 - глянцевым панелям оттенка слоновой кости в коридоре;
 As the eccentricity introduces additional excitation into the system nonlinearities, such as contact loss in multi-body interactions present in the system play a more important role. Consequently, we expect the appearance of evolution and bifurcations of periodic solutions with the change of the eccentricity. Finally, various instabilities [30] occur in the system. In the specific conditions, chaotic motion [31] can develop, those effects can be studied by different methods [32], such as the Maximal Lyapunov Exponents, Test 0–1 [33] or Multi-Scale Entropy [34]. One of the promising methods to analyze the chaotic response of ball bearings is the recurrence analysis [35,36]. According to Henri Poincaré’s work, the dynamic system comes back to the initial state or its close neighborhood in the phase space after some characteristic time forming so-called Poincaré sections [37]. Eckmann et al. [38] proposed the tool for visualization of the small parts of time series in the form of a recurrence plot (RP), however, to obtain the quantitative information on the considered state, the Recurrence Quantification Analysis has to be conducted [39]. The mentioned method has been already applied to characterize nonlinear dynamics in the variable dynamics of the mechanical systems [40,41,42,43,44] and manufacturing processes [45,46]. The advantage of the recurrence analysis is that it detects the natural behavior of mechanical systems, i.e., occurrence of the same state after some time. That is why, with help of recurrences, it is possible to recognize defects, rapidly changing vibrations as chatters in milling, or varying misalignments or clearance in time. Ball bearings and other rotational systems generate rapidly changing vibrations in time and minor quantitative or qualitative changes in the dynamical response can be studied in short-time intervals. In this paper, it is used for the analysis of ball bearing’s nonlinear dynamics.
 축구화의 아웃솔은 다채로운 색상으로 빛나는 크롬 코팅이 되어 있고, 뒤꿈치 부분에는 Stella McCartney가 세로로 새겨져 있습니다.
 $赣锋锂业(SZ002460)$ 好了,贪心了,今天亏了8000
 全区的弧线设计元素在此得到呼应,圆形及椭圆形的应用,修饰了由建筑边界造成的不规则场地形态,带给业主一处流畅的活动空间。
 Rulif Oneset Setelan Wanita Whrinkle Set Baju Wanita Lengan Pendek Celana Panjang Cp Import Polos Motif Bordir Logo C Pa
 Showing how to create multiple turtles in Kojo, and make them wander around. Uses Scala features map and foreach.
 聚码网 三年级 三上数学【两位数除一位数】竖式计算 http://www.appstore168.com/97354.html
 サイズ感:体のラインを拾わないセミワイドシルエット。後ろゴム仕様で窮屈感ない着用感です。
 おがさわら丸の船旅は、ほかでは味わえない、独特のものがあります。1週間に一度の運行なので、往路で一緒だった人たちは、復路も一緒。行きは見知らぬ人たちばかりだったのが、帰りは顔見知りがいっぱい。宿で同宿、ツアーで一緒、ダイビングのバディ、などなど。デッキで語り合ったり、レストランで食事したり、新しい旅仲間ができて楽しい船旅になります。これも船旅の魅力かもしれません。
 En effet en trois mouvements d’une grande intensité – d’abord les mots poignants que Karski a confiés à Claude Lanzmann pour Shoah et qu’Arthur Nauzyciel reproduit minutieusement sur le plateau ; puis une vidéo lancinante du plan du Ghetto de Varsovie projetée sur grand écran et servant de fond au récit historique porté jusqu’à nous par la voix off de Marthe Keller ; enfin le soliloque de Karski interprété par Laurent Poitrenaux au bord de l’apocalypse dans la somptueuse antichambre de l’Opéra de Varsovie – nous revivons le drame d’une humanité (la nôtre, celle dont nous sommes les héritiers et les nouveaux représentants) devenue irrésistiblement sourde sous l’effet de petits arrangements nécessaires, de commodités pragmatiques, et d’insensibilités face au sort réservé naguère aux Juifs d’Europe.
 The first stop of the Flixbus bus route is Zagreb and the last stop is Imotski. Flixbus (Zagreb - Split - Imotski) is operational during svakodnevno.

◆ ◆ ◆ ◆ ◆ ◆ ◆

▶ _THE TASK_
Give every entry in the listing above again, exactly as written.

▶ _RESPONSE AREA_
 - глянцевым панелям оттенка слоновой кости в коридоре;
 As the eccentricity introduces additional excitation into the system nonlinearities, such as contact loss in multi-body interactions present in the system play a more important role. Consequently, we expect the appearance of evolution and bifurcations of periodic solutions with the change of the eccentricity. Finally, various instabilities [30] occur in the system. In the specific conditions, chaotic motion [31] can develop, those effects can be studied by different methods [32], such as the Maximal Lyapunov Exponents, Test 0–1 [33] or Multi-Scale Entropy [34]. One of the promising methods to analyze the chaotic response of ball bearings is the recurrence analysis [35,36]. According to Henri Poincaré’s work, the dynamic system comes back to the initial state or its close neighborhood in the phase space after some characteristic time forming so-called Poincaré sections [37]. Eckmann et al. [38] proposed the tool for visualization of the small parts of time series in the form of a recurrence plot (RP), however, to obtain the quantitative information on the considered state, the Recurrence Quantification Analysis has to be conducted [39]. The mentioned method has been already applied to characterize nonlinear dynamics in the variable dynamics of the mechanical systems [40,41,42,43,44] and manufacturing processes [45,46]. The advantage of the recurrence analysis is that it detects the natural behavior of mechanical systems, i.e., occurrence of the same state after some time. That is why, with help of recurrences, it is possible to recognize defects, rapidly changing vibrations as chatters in milling, or varying misalignments or clearance in time. Ball bearings and other rotational systems generate rapidly changing vibrations in time and minor quantitative or qualitative changes in the dynamical response can be studied in short-time intervals. In this paper, it is used for the analysis of ball bearing’s nonlinear dynamics.
 축구화의 아웃솔은 다채로운 색상으로 빛나는 크롬 코팅이 되어 있고, 뒤꿈치 부분에는 Stella McCartney가 세로로 새겨져 있습니다.
 $赣锋锂业(SZ002460)$ 好了,贪心了,今天亏了8000
 全区的弧线设计元素在此得到呼应,圆形及椭圆形的应用,修饰了由建筑边界造成的不规则场地形态,带给业主一处流畅的活动空间。
 Rulif Oneset Setelan Wanita Whrinkle Set Baju Wanita Lengan Pendek Celana Panjang Cp Import Polos Motif Bordir Logo C Pa
 Showing how to create multiple turtles in Kojo, and make them wander around. Uses Scala features map and foreach.
 聚码网 三年级 三上数学【两位数除一位数】竖式计算 http://www.appstore168.com/97354.html
 サイズ感:体のラインを拾わないセミワイドシルエット。後ろゴム仕様で窮屈感ない着用感です。
 おがさわら丸の船旅は、ほかでは味わえない、独特のものがあります。1週間に一度の運行なので、往路で一緒だった人たちは、復路も一緒。行きは見知らぬ人たちばかりだったのが、帰りは顔見知りがいっぱい。宿で同宿、ツアーで一緒、ダイビングのバディ、などなど。デッキで語り合ったり、レストランで食事したり、新しい旅仲間ができて楽しい船旅になります。これも船旅の魅力かもしれません。
 En effet en trois mouvements d’une grande intensité – d’abord les mots poignants que Karski a confiés à Claude Lanzmann pour Shoah et qu’Arthur Nauzyciel reproduit minutieusement sur le plateau ; puis une vidéo lancinante du plan du Ghetto de Varsovie projetée sur grand écran et servant de fond au récit historique porté jusqu’à nous par la voix off de Marthe Keller ; enfin le soliloque de Karski interprété par Laurent Poitrenaux au bord de l’apocalypse dans la somptueuse antichambre de l’Opéra de Varsovie – nous revivons le drame d’une humanité (la nôtre, celle dont nous sommes les héritiers et les nouveaux représentants) devenue irrésistiblement sourde sous l’effet de petits arrangements nécessaires, de commodités pragmatiques, et d’insensibilités face au sort réservé naguère aux Juifs d’Europe.
 The first stop of the Flixbus bus route is Zagreb and the last stop is Imotski. Flixbus (Zagreb - Split - Imotski) is operational during svakodnevno.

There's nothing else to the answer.